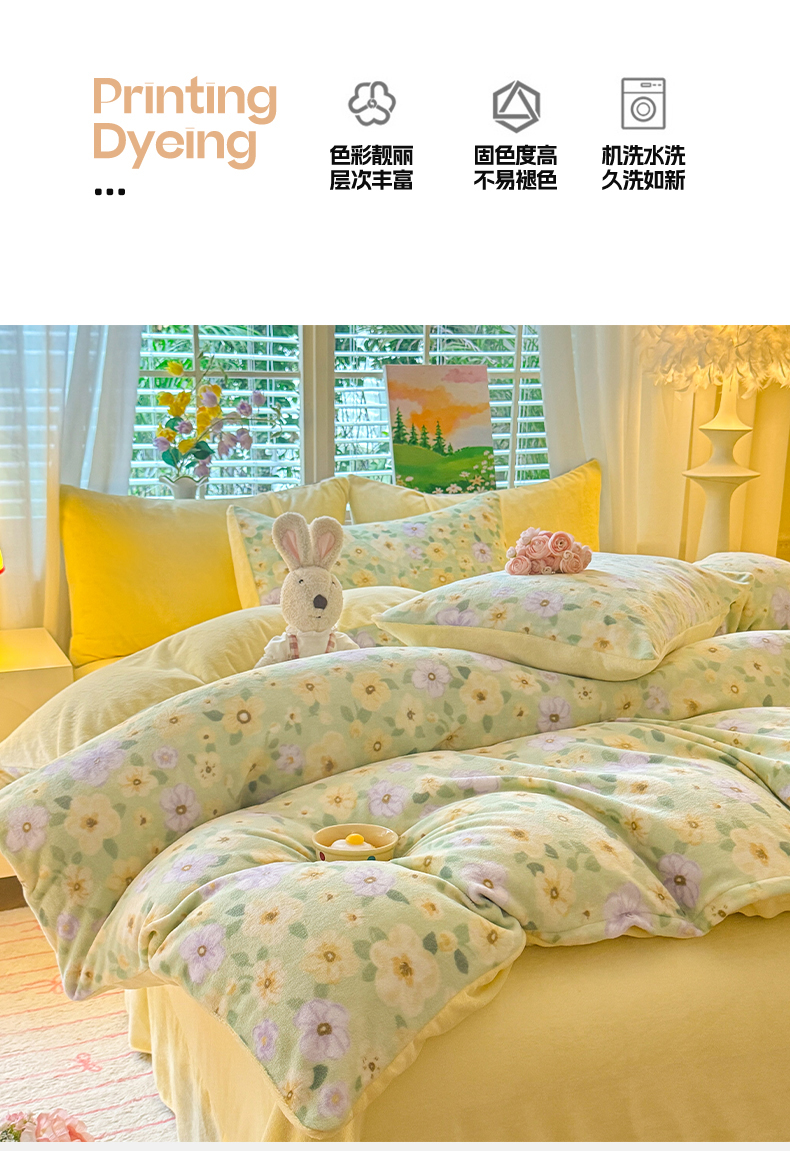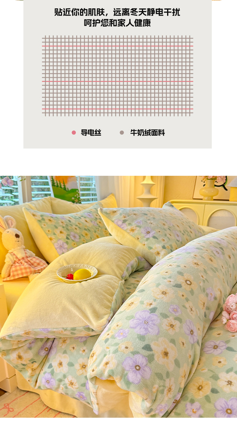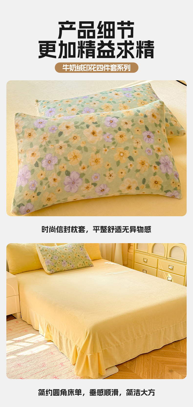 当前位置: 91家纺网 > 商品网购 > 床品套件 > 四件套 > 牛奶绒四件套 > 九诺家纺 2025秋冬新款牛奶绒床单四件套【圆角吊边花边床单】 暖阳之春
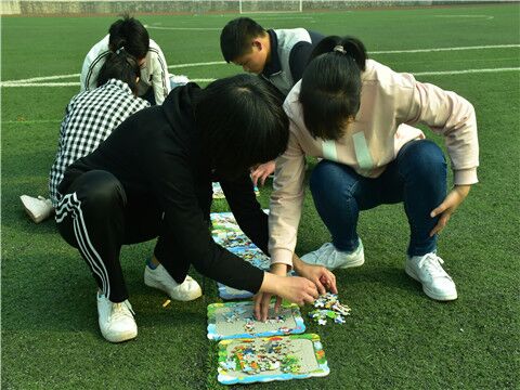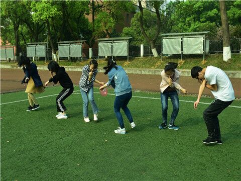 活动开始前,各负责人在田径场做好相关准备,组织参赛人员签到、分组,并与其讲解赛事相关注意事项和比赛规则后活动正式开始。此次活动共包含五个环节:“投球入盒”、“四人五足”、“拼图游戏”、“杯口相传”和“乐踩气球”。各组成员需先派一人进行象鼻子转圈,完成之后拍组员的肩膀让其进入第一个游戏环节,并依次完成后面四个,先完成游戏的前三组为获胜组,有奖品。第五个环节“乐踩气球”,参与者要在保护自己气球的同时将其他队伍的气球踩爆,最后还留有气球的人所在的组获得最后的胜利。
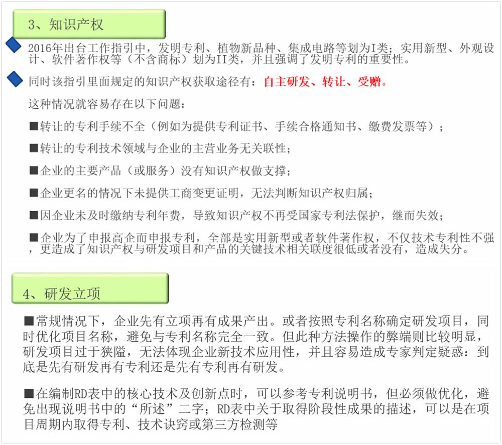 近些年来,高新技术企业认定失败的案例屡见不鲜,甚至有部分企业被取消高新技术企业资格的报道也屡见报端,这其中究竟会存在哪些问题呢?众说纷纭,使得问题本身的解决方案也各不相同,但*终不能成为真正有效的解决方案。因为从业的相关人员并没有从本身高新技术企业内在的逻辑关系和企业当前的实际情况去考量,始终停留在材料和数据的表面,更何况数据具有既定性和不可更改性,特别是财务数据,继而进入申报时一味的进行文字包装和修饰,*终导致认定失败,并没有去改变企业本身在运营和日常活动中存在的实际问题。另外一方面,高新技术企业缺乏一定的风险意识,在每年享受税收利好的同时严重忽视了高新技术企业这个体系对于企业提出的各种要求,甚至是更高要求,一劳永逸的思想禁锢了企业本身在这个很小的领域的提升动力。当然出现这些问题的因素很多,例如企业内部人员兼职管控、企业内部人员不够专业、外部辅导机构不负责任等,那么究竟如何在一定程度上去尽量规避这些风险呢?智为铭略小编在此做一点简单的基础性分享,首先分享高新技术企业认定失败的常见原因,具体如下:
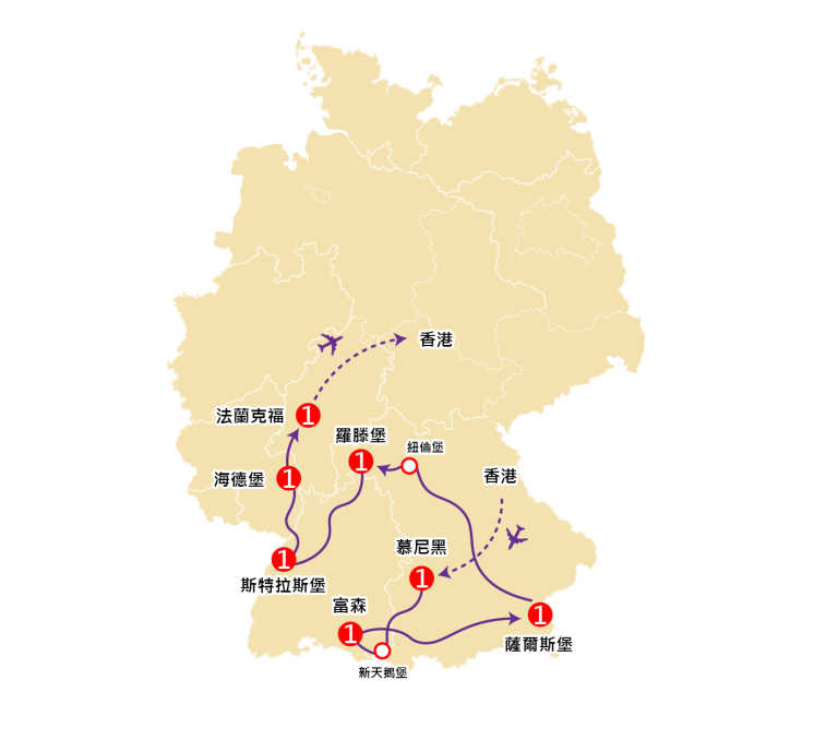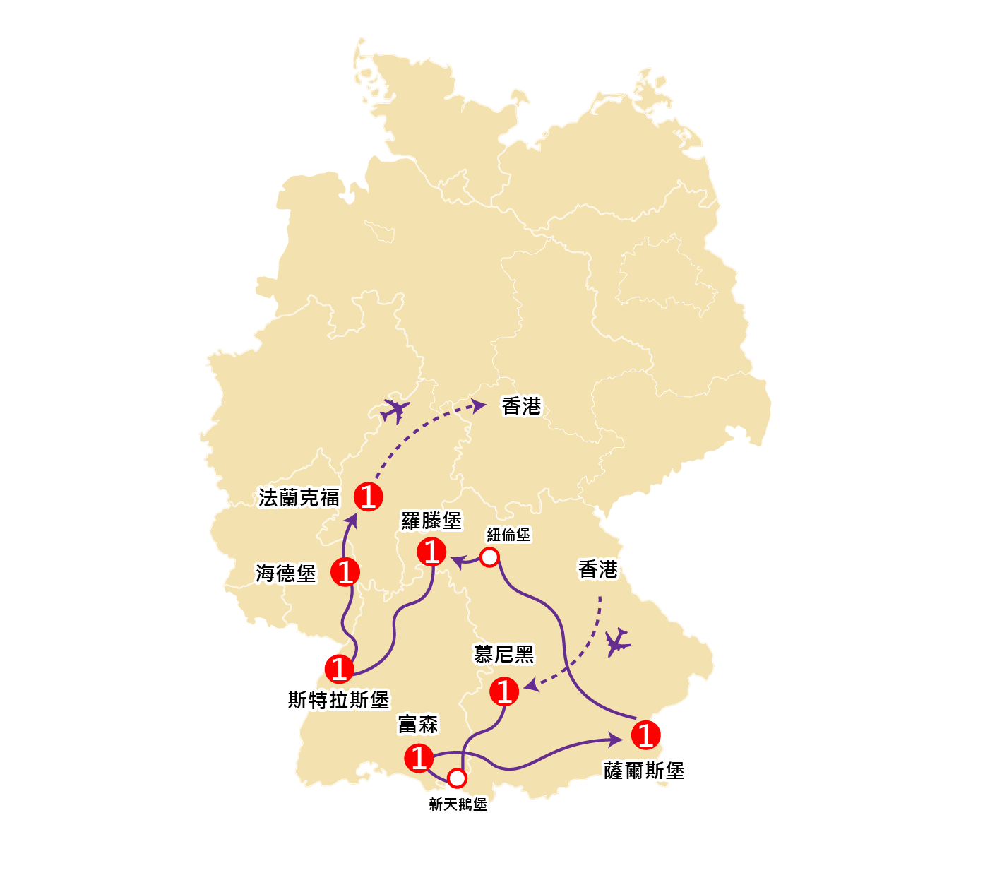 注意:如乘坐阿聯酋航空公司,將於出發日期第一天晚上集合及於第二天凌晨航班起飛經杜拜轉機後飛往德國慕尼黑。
--
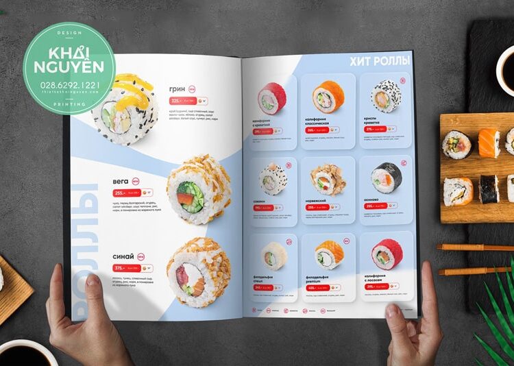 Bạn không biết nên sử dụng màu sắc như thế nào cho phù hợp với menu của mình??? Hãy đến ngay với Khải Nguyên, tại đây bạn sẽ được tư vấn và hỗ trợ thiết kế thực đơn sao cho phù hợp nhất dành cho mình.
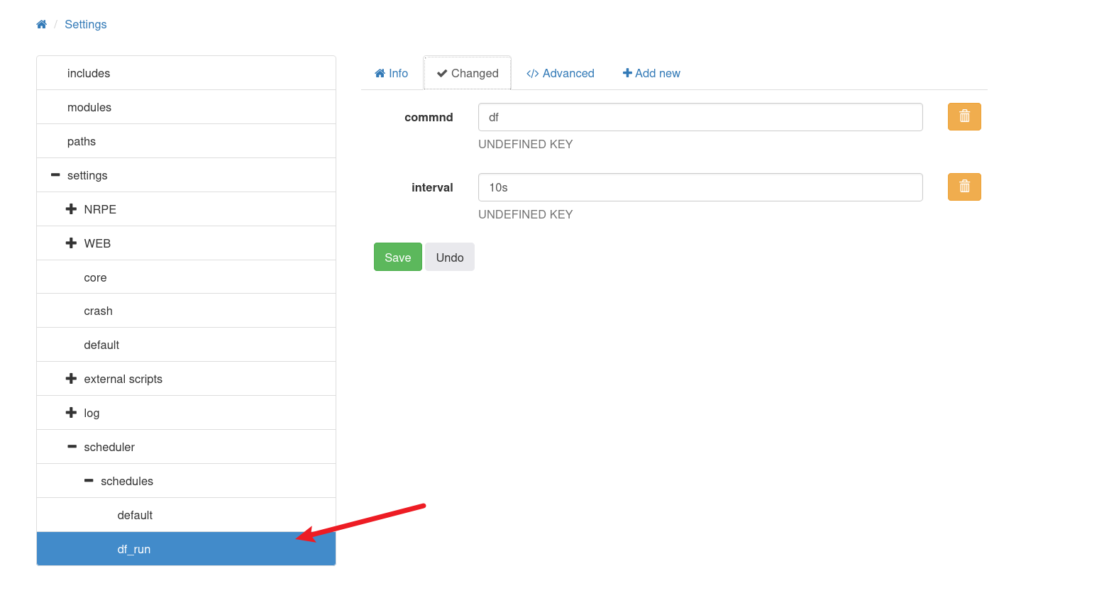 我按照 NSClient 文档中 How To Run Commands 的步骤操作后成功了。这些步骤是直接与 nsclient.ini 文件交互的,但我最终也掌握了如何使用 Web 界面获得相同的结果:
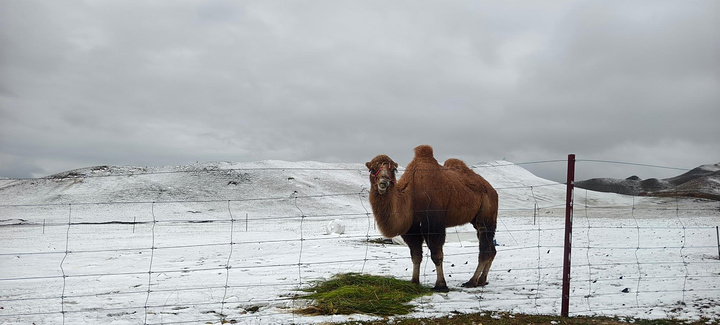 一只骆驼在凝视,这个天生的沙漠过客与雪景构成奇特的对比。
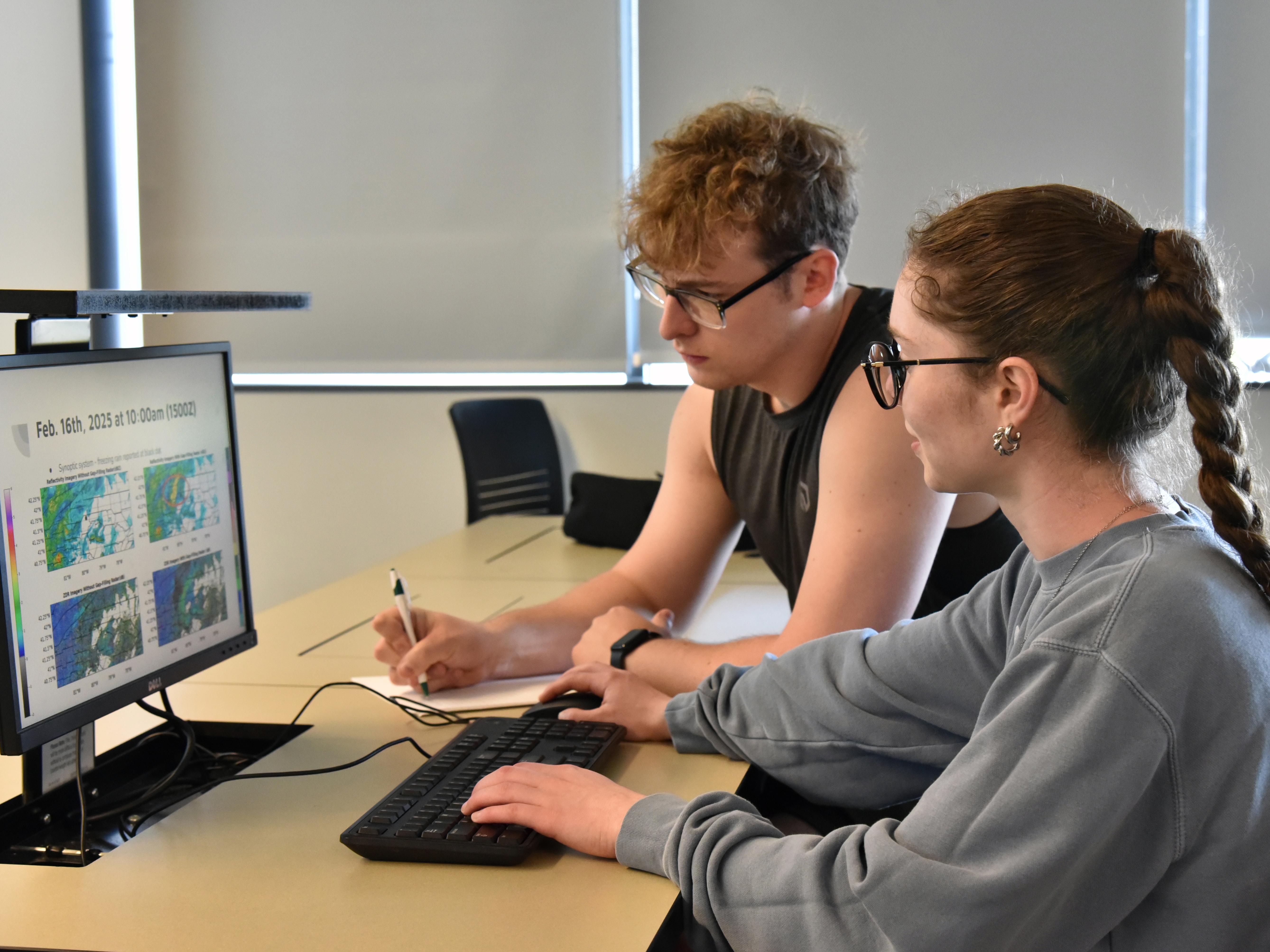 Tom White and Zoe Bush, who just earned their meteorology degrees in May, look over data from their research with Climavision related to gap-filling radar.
==
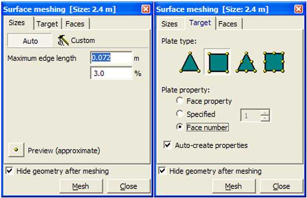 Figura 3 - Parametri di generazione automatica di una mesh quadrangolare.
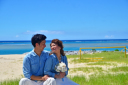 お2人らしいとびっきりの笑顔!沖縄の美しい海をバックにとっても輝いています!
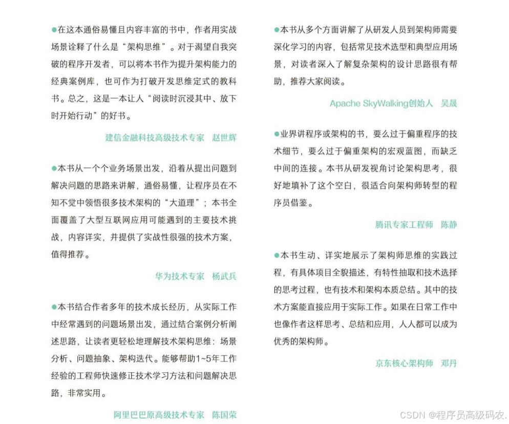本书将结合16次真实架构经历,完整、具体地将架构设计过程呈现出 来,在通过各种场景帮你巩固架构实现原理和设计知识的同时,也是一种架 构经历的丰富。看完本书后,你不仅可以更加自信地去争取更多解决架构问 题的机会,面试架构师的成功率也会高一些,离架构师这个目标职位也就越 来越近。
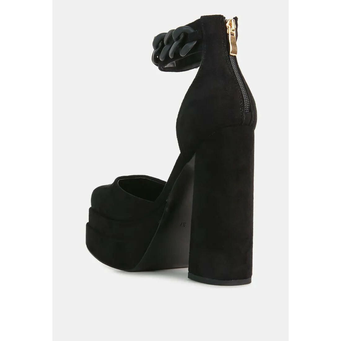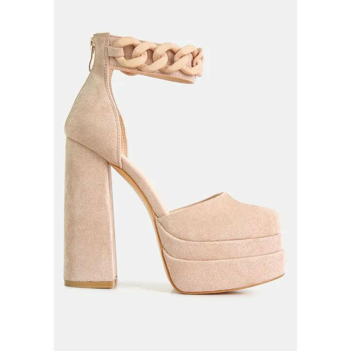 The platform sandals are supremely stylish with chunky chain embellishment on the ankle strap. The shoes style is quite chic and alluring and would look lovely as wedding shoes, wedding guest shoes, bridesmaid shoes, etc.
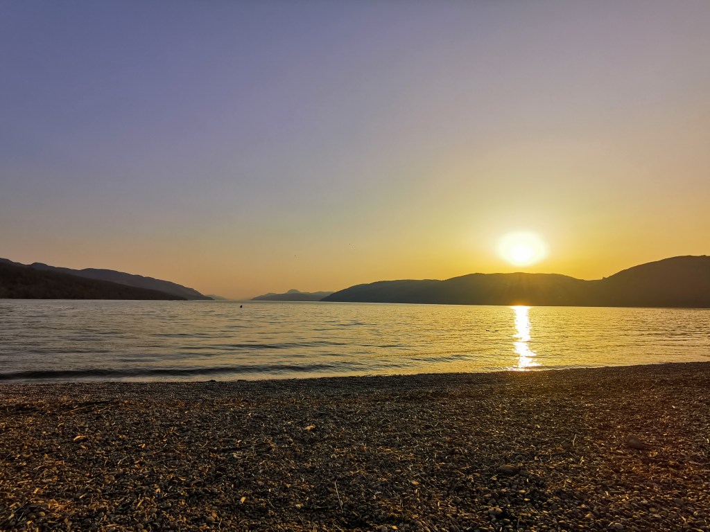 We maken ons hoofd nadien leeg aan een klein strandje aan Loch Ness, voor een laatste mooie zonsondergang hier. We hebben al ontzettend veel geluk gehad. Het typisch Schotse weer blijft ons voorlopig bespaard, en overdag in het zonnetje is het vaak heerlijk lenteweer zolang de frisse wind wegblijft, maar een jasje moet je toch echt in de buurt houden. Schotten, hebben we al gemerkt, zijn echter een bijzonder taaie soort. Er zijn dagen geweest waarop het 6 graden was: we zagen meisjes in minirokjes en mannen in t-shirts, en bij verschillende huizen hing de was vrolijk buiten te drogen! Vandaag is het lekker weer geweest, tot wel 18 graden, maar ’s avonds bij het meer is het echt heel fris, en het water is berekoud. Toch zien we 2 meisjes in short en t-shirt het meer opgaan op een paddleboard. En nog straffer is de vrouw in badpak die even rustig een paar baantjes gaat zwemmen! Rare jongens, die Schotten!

- WORK INSTRUCTION
Your output should be the lines above from the one that contains "近些年来,高新技术企业认定失" through the one that contains "注意:如乘坐阿聯酋航空公司,將於出發日期", word for word, with pictures left out.

- REPLY TO THE TASK
 近些年来,高新技术企业认定失败的案例屡见不鲜,甚至有部分企业被取消高新技术企业资格的报道也屡见报端,这其中究竟会存在哪些问题呢?众说纷纭,使得问题本身的解决方案也各不相同,但*终不能成为真正有效的解决方案。因为从业的相关人员并没有从本身高新技术企业内在的逻辑关系和企业当前的实际情况去考量,始终停留在材料和数据的表面,更何况数据具有既定性和不可更改性,特别是财务数据,继而进入申报时一味的进行文字包装和修饰,*终导致认定失败,并没有去改变企业本身在运营和日常活动中存在的实际问题。另外一方面,高新技术企业缺乏一定的风险意识,在每年享受税收利好的同时严重忽视了高新技术企业这个体系对于企业提出的各种要求,甚至是更高要求,一劳永逸的思想禁锢了企业本身在这个很小的领域的提升动力。当然出现这些问题的因素很多,例如企业内部人员兼职管控、企业内部人员不够专业、外部辅导机构不负责任等,那么究竟如何在一定程度上去尽量规避这些风险呢?智为铭略小编在此做一点简单的基础性分享,首先分享高新技术企业认定失败的常见原因,具体如下:
 注意:如乘坐阿聯酋航空公司,將於出發日期第一天晚上集合及於第二天凌晨航班起飛經杜拜轉機後飛往德國慕尼黑。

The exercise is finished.